The World According to Barf

In 300 years, when machines run the earth, our robot scientist overlords will be able to study our ancient society’s morals and taboos via what we allow and eventually embrace in pop culture.

In 300 years, when machines run the earth, our robot scientist overlords will be able to study our ancient society’s morals and taboos via what we allow and eventually embrace in pop culture.  

Film and television will be a huge part of future anthropological research. Researchers will marvel at how we were once so uptight, married couples on TV couldn’t be shown sleeping in the same bed. The robo-researchers will also surely have a good chuckle over how we were uncomfortable with any depiction of homosexuals on TV and dumbfounded that full frontal male nudity was unthinkable.

The evolution of cussing on TV will also surely be part of the research. In the early ’70s, George Carlin riffed on the “Seven Words You Can Never Say on Television.” Cable TV (which is self-regulated and censored for the sake of advertisers) came along and made the entire bit seem antiquated, but even network television (whose standards are overseen by the government’s FCC) has adapted to the times; depending on the time of airing and the way they’re used, two of those forbidden words are fairly commonplace — “tits” and, to a lesser extent (for now), “shit” — and “piss” has seemingly found its way off the list. 

But what will researchers make of the rise of our culture’s gradual acceptance of puke?

Vomit used to be special. It was used sparingly by filmmakers for dramatic effect — the crucial scene in 1973’s horror classic The Exorcist when demon-child Regan projects about 25 gallons of pea-soup-like puke all over the poor priest was shocking for its time. A decade later, U.K. comedy troupe Monty Python cemented barf’s role as a legitimate comedic tool with Mr. Creosote, whose non-stop puking is tolerated at a fancy restaurant because of his wealth.

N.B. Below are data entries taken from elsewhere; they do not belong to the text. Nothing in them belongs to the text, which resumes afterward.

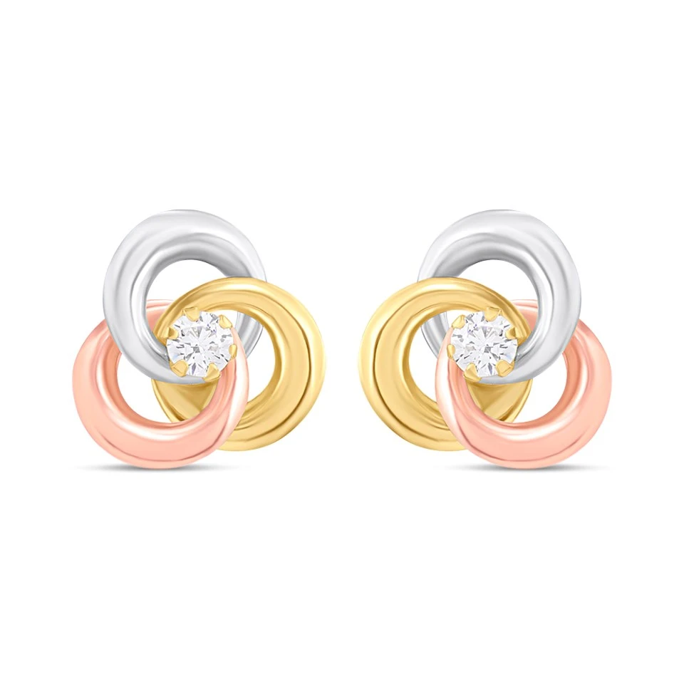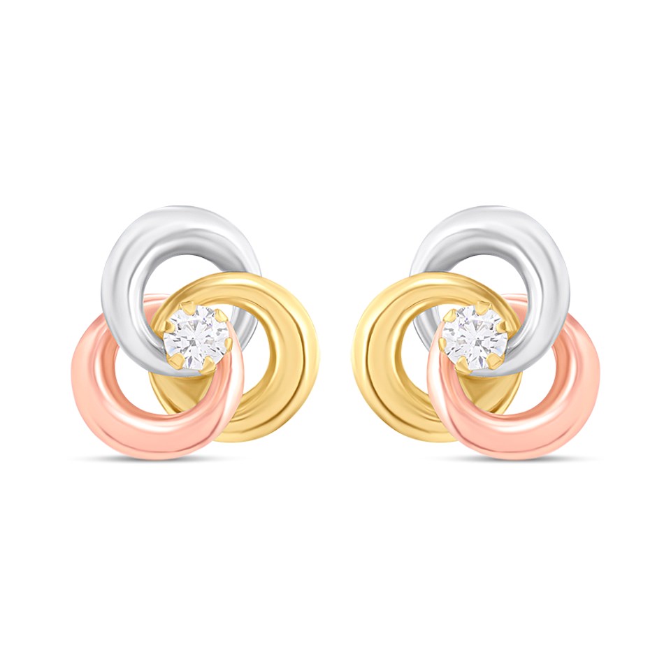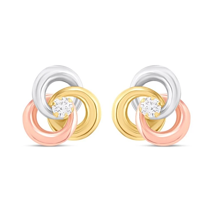 9ct Three Colour Gold Cubic Zirconia Knot Earrings - G4661
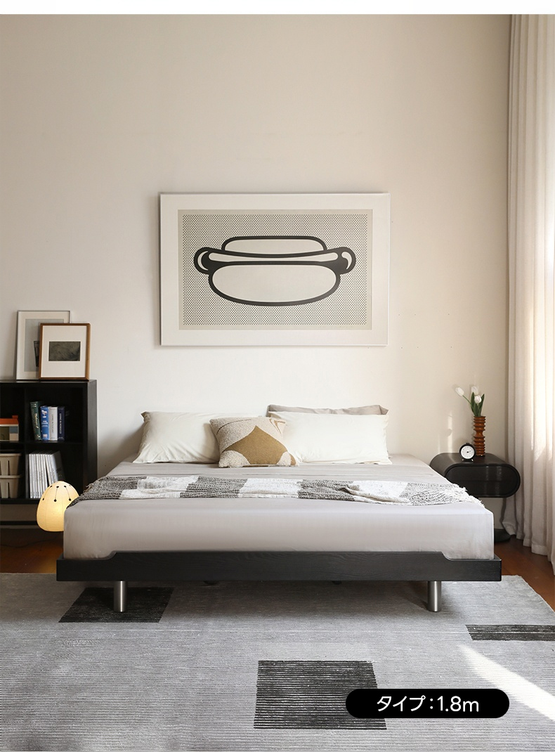 シンプルモダンウッドフレームベッド
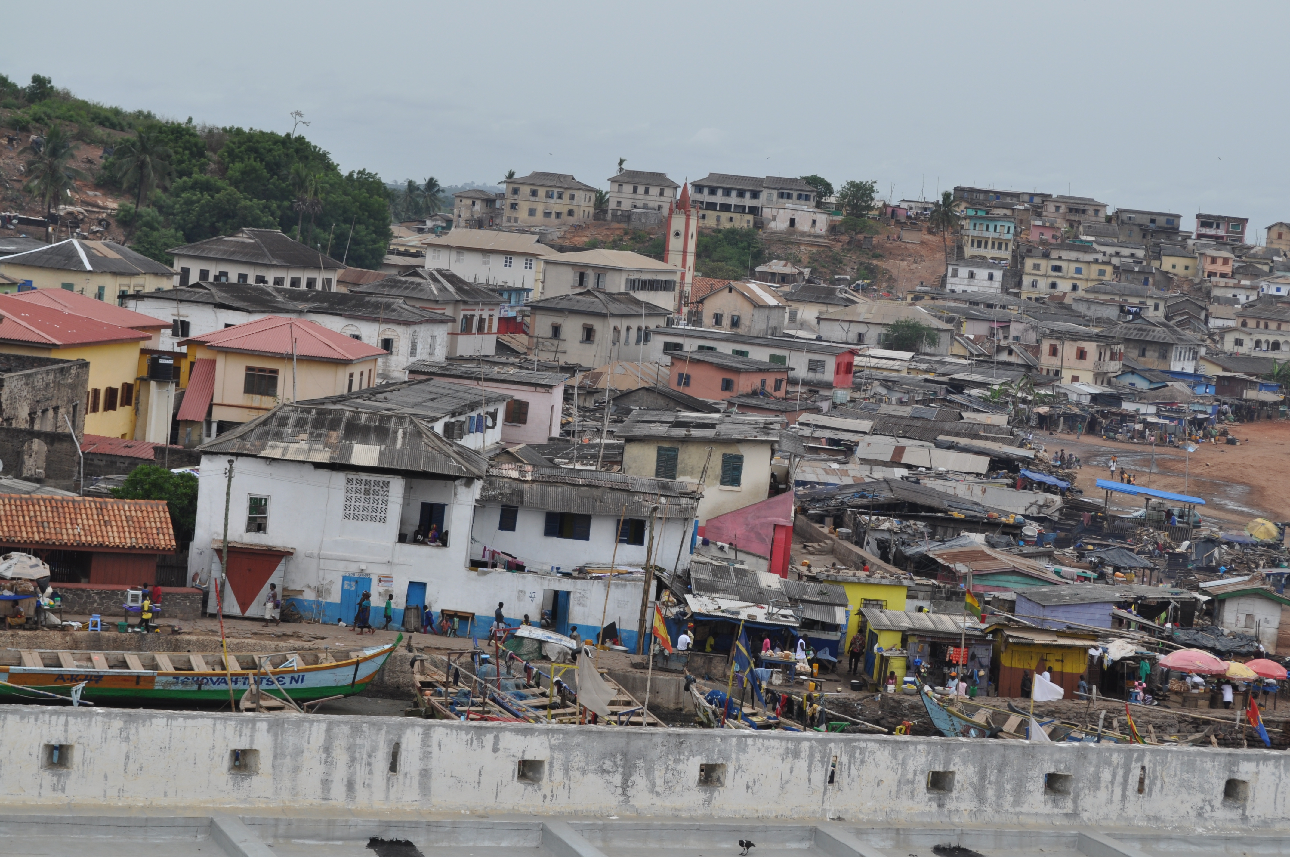 Today was a brief break from “rural” living and a respite in paradise (tourist traps). In the morning we made a two-hour drive and found ourselves in Elmina, touring its slave castle and practically pooping our pants over seeing all the obronis that weren’t in our group. Despite all the terrible things that happened in Elmina Slave Castle, the architecture was beautiful and the views from the buttresses were breathtaking. (Though being shut in one of the windowless cells for several moments by our tour guide was a little unsettling.)

Today, shows on network and basic cable — from Family Guy to It’s Always Sunny in Philadelphia — have helped make those scenes seem quaint. 

We, as humans, have evolved to the point where seeing others vomit is part of our everyday entertainment. Where once most would cringe or avert their eyes at the sight of even the most innocuous string of spittle in a movie, today we celebrate the bravery the actresses in Bridesmaids show when they shower each other in puke for laughs.

It seems like that gag reflex we once had that made someone puke when they merely saw someone else spew (the basis of many comedic barfathons) has been lost to evolution. Most likely, it’s because Smell-O-Rama never took off. 

I don’t bring any of this up out of fear for our decaying morality. I fear the increased misuse of vomit as a dramatic or comedic device. Some comedians can work “blue” material seamlessly into their act (Chris Rock, for example), but the influx of comedians who use foul language as their main weapon has killed the shock value. 

Likewise, there are vomit-artistes in the comedy world that still find ways to use puke creatively. The Comedy Vomit Scene Hall of Fame is heavy on over-the-top-ness, from the pie-eating scene in Stand By Me to the marionette spew-fest in Team America: World Police. One of the better TV puke scenes recently was Tim and Eric’s slo-mo vomit montage set to “Take My Breath Away.” Genius.

But usually, due to overkill, a vomit scene is as banal as a CBS sitcom punchline. Today, vomit scenes are used to promote new “gross-out” elements of movies like 21 Jump Street. Even the cuddly Mort from Madagascar 3 pukes within the first 10 minutes of the new animated kids’ film. If every comedy has a puke scene, it’s just not that funny anymore. 

Filmmaker John Waters has been called the “Prince of Puke” and, especially in his early work, he was a provocateur of shock via bodily functions. In Waters’ 1981 autobiographical book Shock Value, Waters began the book writing, “To me, bad taste is what entertainment is all about. If someone vomits while watching one of my films, it’s like getting a standing ovation. But one must remember that there is such a thing as good bad taste and bad bad taste.”

My fear is that the line between bad taste and bad bad taste will never stop moving. If there’s one thing that makes me most nervous about vomit-mania, it’s wondering what’s next. 

What is the next great unspoken restriction to fall? Will cartoons regularly feature scenes of explosive, projectile diarrhea? Will the next wave of gross-out films have to include a mandatory “menstrual blood” joke? Will 2 Girls, 1 Cup: The Movie someday be greenlit for the big screen? 

We can only wait and see, of course. And maybe keep a bucket nearby, just in case.